In practice, it will be stipulated that in order to apply at the last institution, there must be 1000 seals, of which 500 for the last 2 years instead of 1500 and 600 respectively. Also, according to with information from “K”the proposed measures include a positive intervention in the military and security forces insurance regime for a 5-year period of hostilities.

Providing respite for 150,000 insured persons

Postponement for more than 150,000 insured persons with debts to Insurance Debt Collection Center (KEAO) which have been created in recent years and mainly during the corona virus pandemic, it is assumed that the reserve, which will increase to 24 payments for the permanent repayment of debts, will give. In particular, according to experts, approximately 95,000 debtors, who, according to the KEAO data, were included in the 12th installment plan in the first quarter of 2022, will automatically fall into the 24th installment plan, as a result of which the amount of the monthly payment will be halved. Of course, there are still about 90,000 insured people who left the system in the first quarter of this year, and experts estimate that some of them, if premiums increase, will be able to join again. In any case, as today, the remaining “irregular” debtors can also join the permanent debt settlement.

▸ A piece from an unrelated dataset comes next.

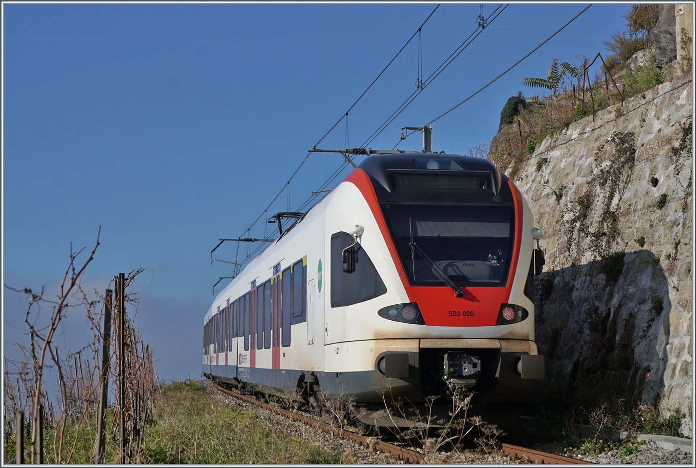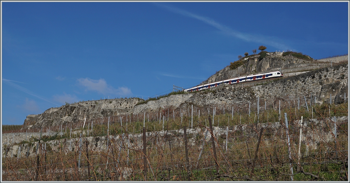 Der RBDe 560 131 "Train de Vignes" ist auf seiner Strecke hoch über dem Genfersee auf der Fahrt nach Vevey unterwegs.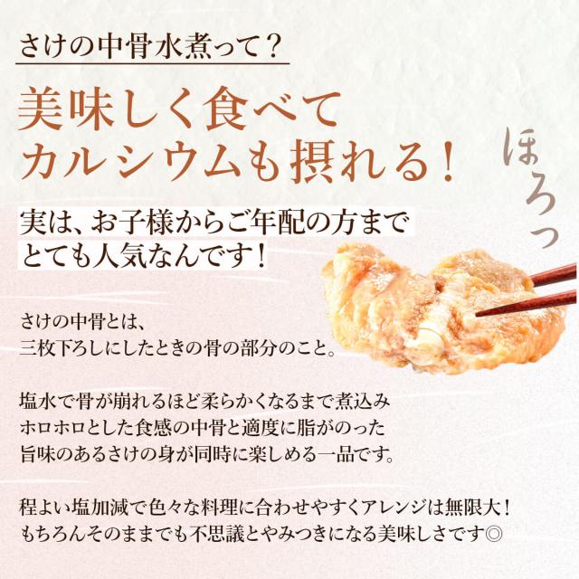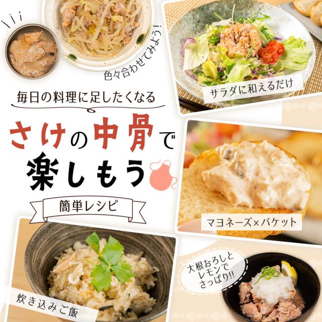 | 内容量 | ■さけ中骨水煮・銀鮭中骨水煮ミックス24缶セット さけ中骨水煮 150g 12缶 銀鮭中骨水煮 150g 12缶 ■さけ中骨水煮 150g 24缶セット ■銀鮭中骨水煮 150g 24缶セット 3種類のセットからお選びいただけます。 |

The provision on the 10-year limitation period for debts, according to the Ministry of Labor, concerns debts of 250 million euros. These are debts for which measures were not taken in a timely manner to interrupt the limitation period, such as enforcement measures (auctions, etc.), both by EFCA and KEAO. Welfare experts note that the promoted intervention will pave the way to retirement for thousands of freelancers and self-employed people who, due to increasing debts to the EFKA, are unable to apply for a pension. With the statute of limitations for a significant part of the debts and as long as the remaining debt does not exceed 20,000 euros for professionals and 6,000 for farmers, the door to retirement will open.